The event was held at the M by Montcalm hotel in Shoreditch and was made possible with the generous support of our sponsors, Workfront. As our special guests, we asked some of the talent from our CL50 list along – Ross Phillips, Creative Director of Spyscape; Caroline Pay, former Deputy ECD at BBH; and Lee Schuneman and Juliana Ferreira, Studio Head and Head of Design, respectively, at Microsoft Lift London – to give us their take on leading a creative team and the kinds of challenges they’ve faced.
The four of us from CR each hosted a table and, over the course of an hour and a half, the leaders moved around from group to group to face new questions, offer up advice and continue the discussion.
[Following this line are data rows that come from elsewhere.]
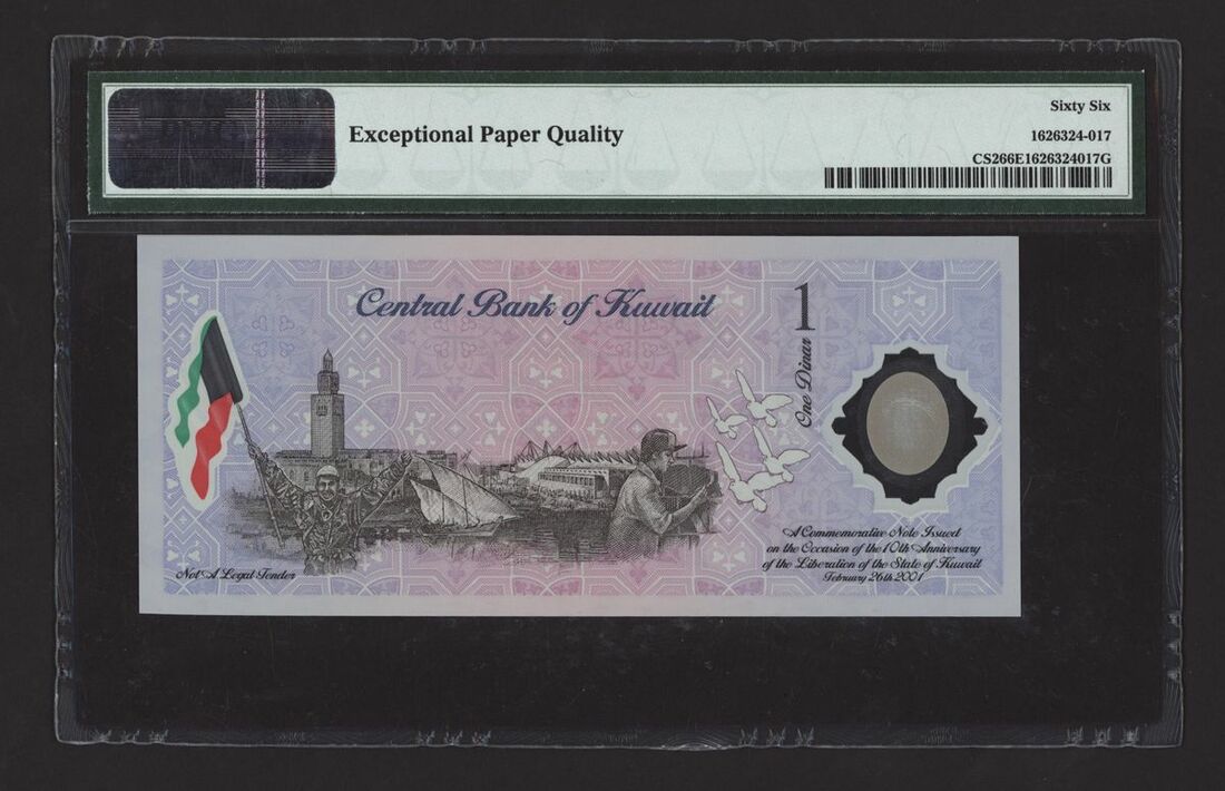1 Dinar, 2001, serial number CB242056 - Polymer
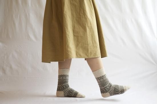 縮みにくく柔らかいのが特徴的な「防縮ウール」を使用した「ウールジャガードソックス」です。ふくらみのある「防縮ウール」をしっかりと編み上げているので、どっしりとした履き心地で、とても温く仕上がっています。洗濯を重ねても、縮みにくい設計なので、寒い冬場に、繰り返し履いていただけます。
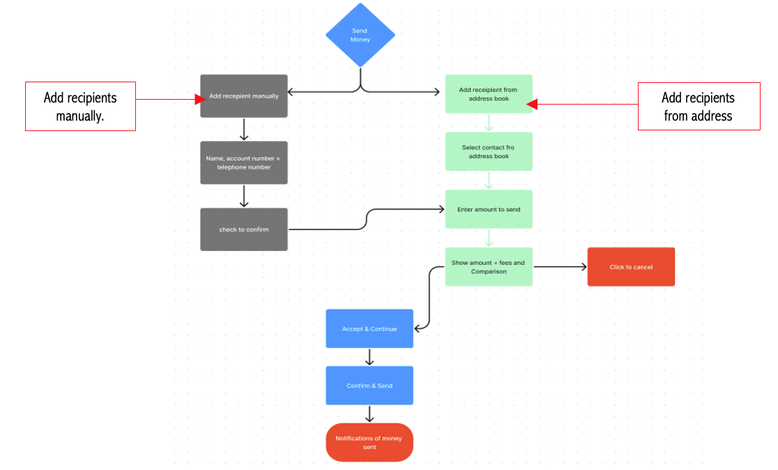 A design exploration to improve the remittance app’s user experience when sending money to sub-Saharan African nations.
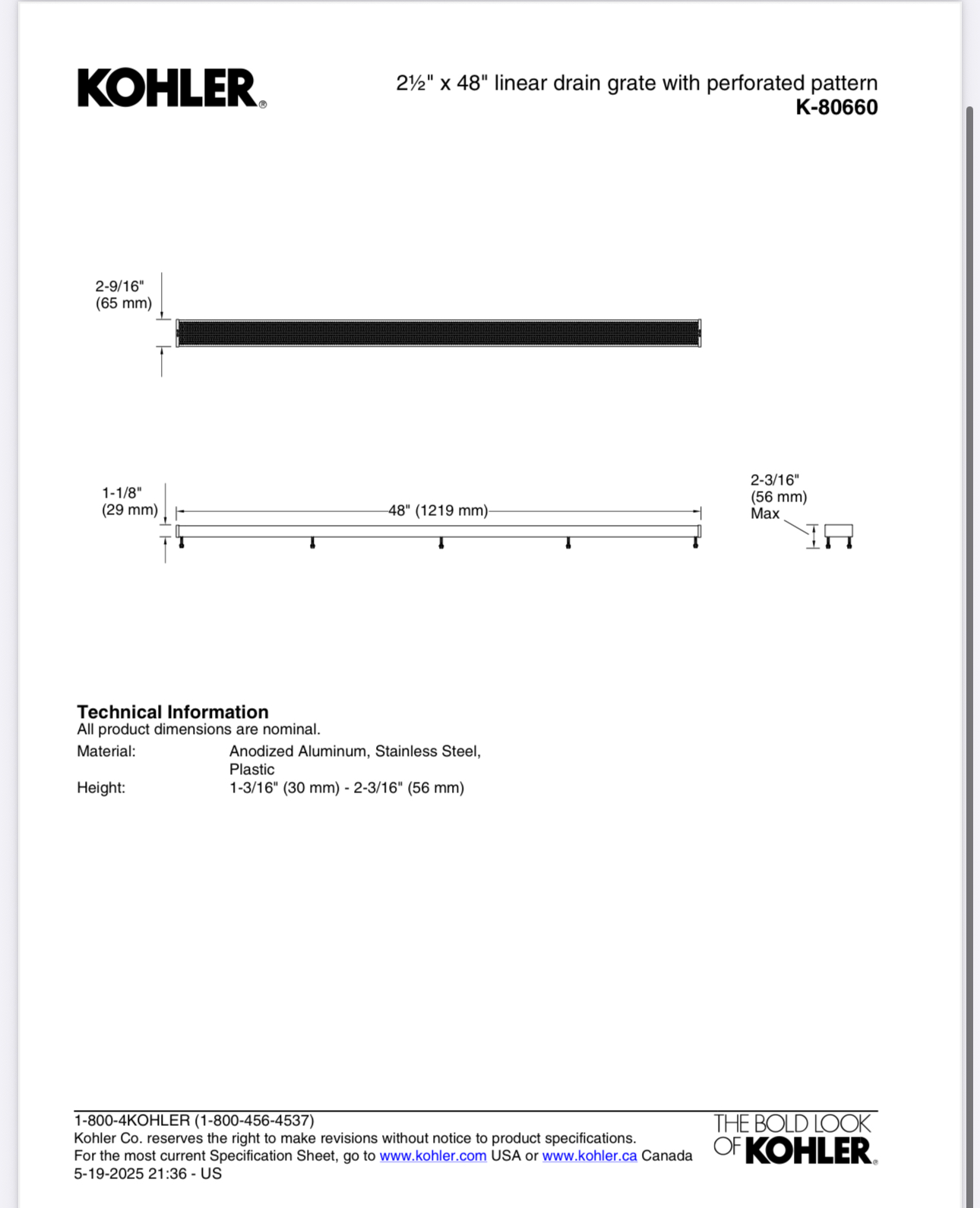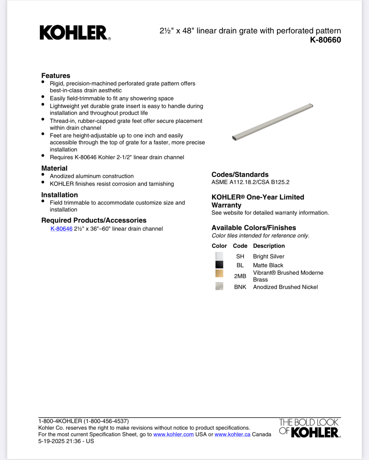 - Requires K-80646 Kohler 2-1/2″ linear drain channel

So what did we discover about the current state of creative leadership and what it’s like to run a creative team in 2016? What things get in the way of creativity and how do you get around them? What about inspiration and failure? Well, we took some notes, and presented here are some of our findings from the afternoon.
Know your people.
‘How do you recruit new talent?’ was a question put to all of our creative leaders. Word of mouth, personal recommendations, networking events (like this one!) came high on the list, it seemed. In terms of assembling a team, matching up people with different expertise and perspectives can lead to interesting things – and give everyone a better understanding of how their colleagues operate – but this also brings fresh thinking to a project. The idea of the ‘hybrid’ role came up – someone with core skills but who can also move around in different areas within a team.
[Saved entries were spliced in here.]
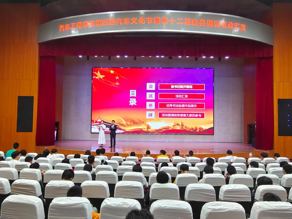 新闻网讯(通讯员 梁军萍)为充分展示伟德国际victor1946员工活动特色,传承和弘扬中华民族优秀传统文化,激发全社会对中华优秀文化的学习和热爱,增强民族自豪感和文化自信心,提升在校老员工的道德素养,6月1日晚,伟德国际victor1946第四届汽车文化节暨第十二届经典诵读活动汇演在会议中心举行。汽车工程公司党总支书记张玲、副书记梁军萍、辅导员及21级全体员工共同观看了演出。
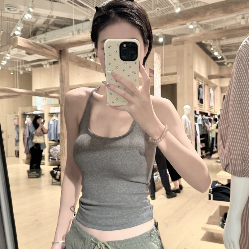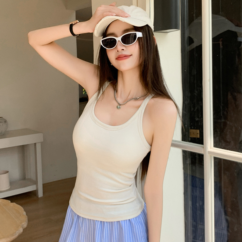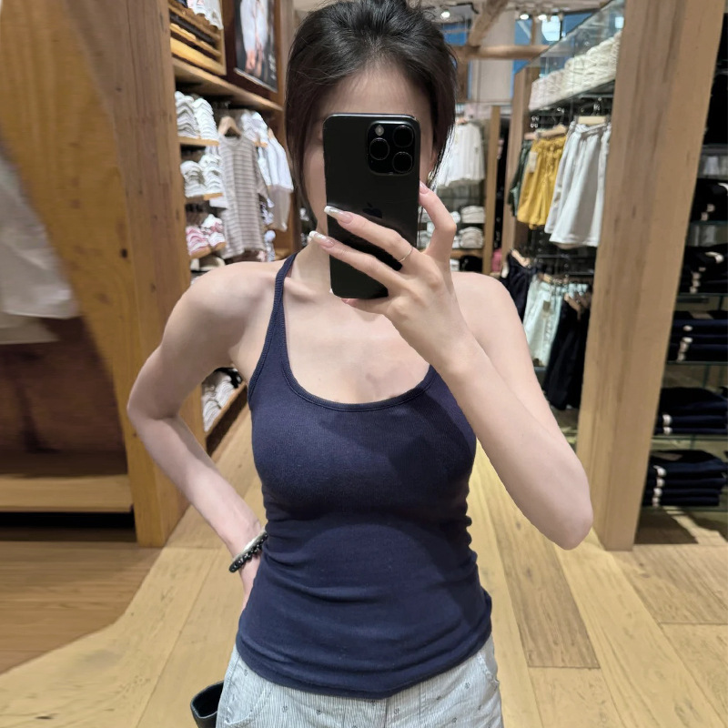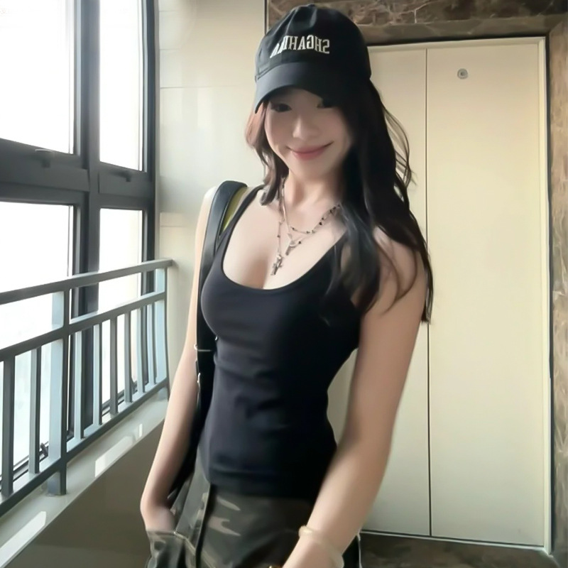 美式黑色吊带背心女修身显瘦运动打底衫性感辣妹带胸垫无袖上衣夏
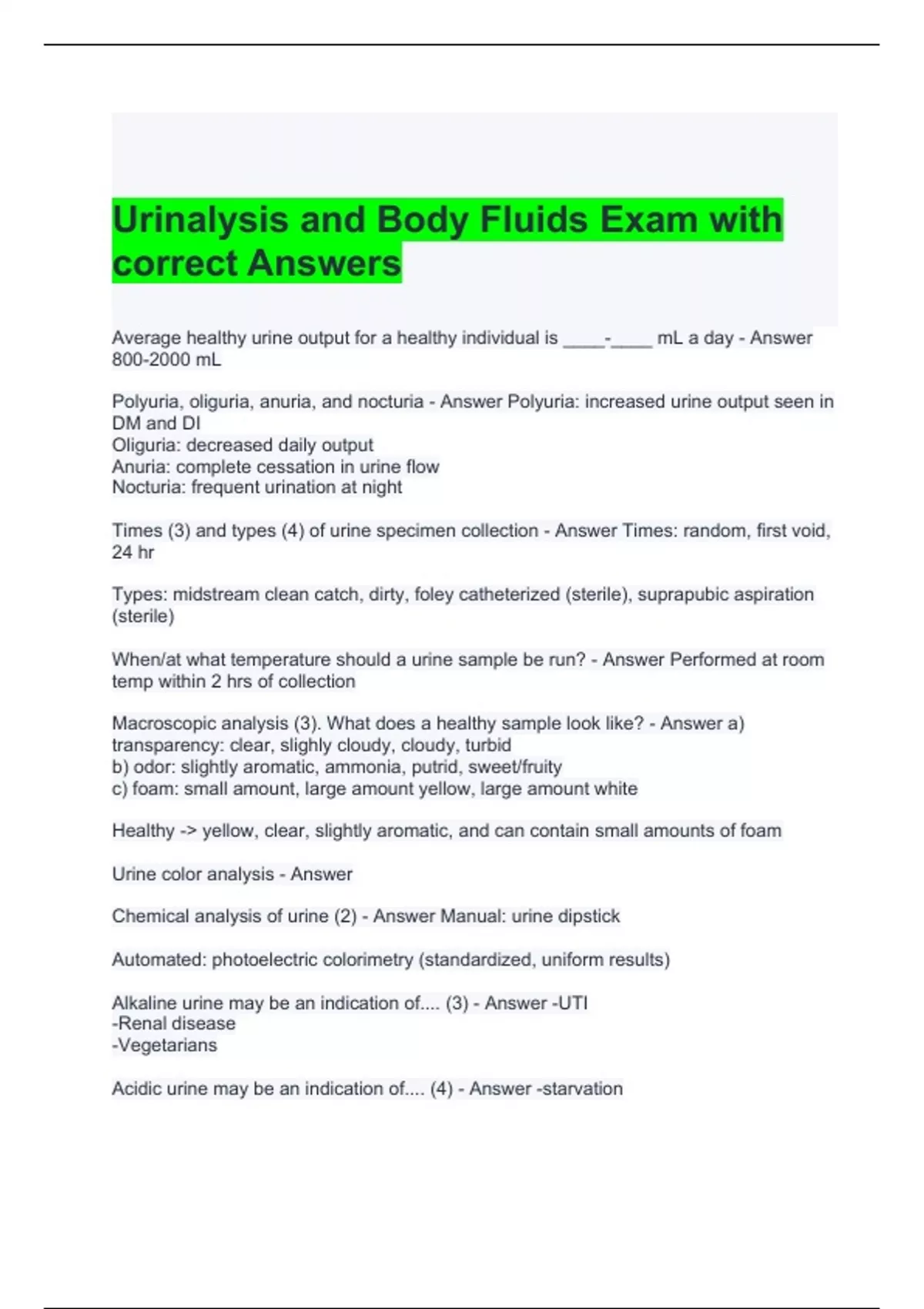 Urinalysis and Body Fluids Exam with correct Answers (Graded A)
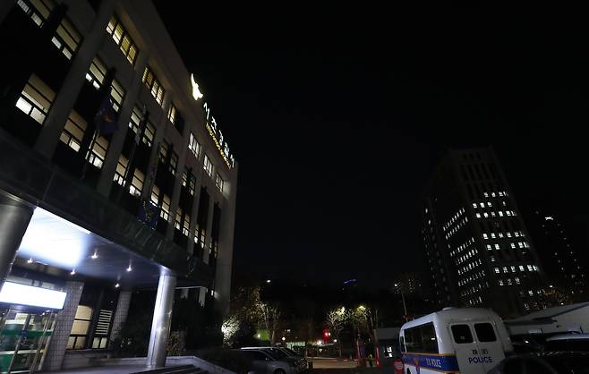 | ▲ 검찰이 백원우 전 청와대 민정비서관 밑에서 행정관으로 근무했던 검찰 수사관의 사망 사건과 관련해 2일 서초경찰서를 압수수색 했다. 2019년 12월 2일 밤 서울 서초경찰서(왼쪽) 길 건너편에 위치한 서울고검과 서울중앙지검. |
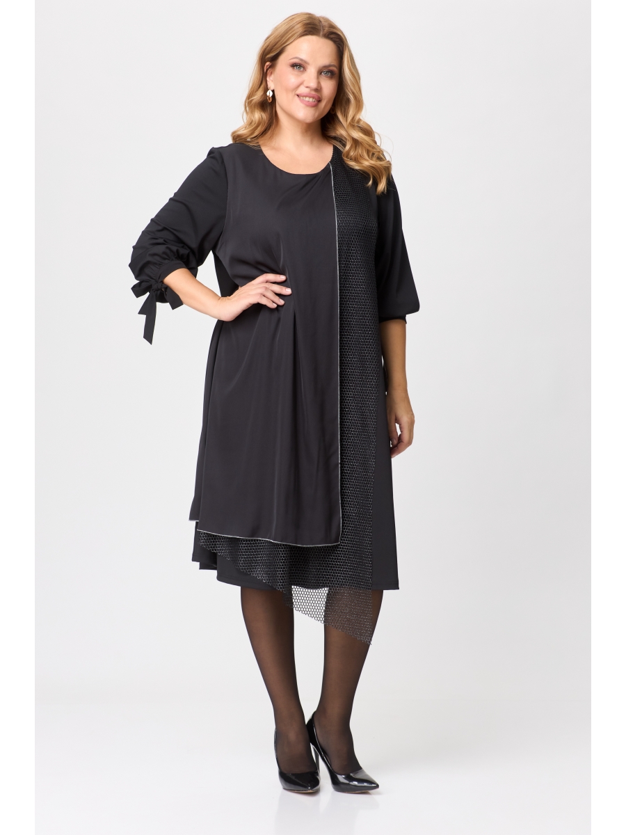 Нарядное платье из водолаза идеально подойдёт для любых торжеств. Изделие имеет трапециевидный силуэт. Платье длиной ниже колена с втачным рукавом 3/4 на притачной манжете с завязкой. По переду изделия две отлетные детали, которые украшают платье и делают его неповторимым (верхняя деталь из шифона с отделкой серебряной нитью, нижняя - сетка с серебром). Платье подчеркнет Ваши достоинства и не будет сковывать движения, прекрасно дополняется различными аксессуарами.

We also discussed how changing where you work with more regularity can actually be a good thing – the value of the experience of different places and environments is high. (This perhaps sounds easier than in practice – leaders, of course, then have to find someone else equally as good as a replacement.)
And don’t think of your ‘team’ to the extent that individuality is ignored – find out what everyone’s hopes and aspirations are and how these fit in with the business. If they’re not aligned, have a conversation about how someone might be able to move around. Good communication and clarity – making sure people know what’s expected of them from the outset – should not be underestimated, it was felt. Make sure you know what your team expects from you, too, and that your clients know what you can deliver.
Inspire your team.
Most of us work/read/communicate on a screen these days, so one of the best things you can do to recharge is get away from all that. Organising a day out, going to see something special – these aspects of working life were considered vital to the health of a creative company. Yet while this attitude might be encouraged within a studio or agency, many were concerned that work-related social activities were too often not regarded as proper work, or part of a working day. The benefits of doing so, however, seemed to greatly outweigh the reasons for staying office-bound and not taking in the latest exhibition/installation/theme park etc.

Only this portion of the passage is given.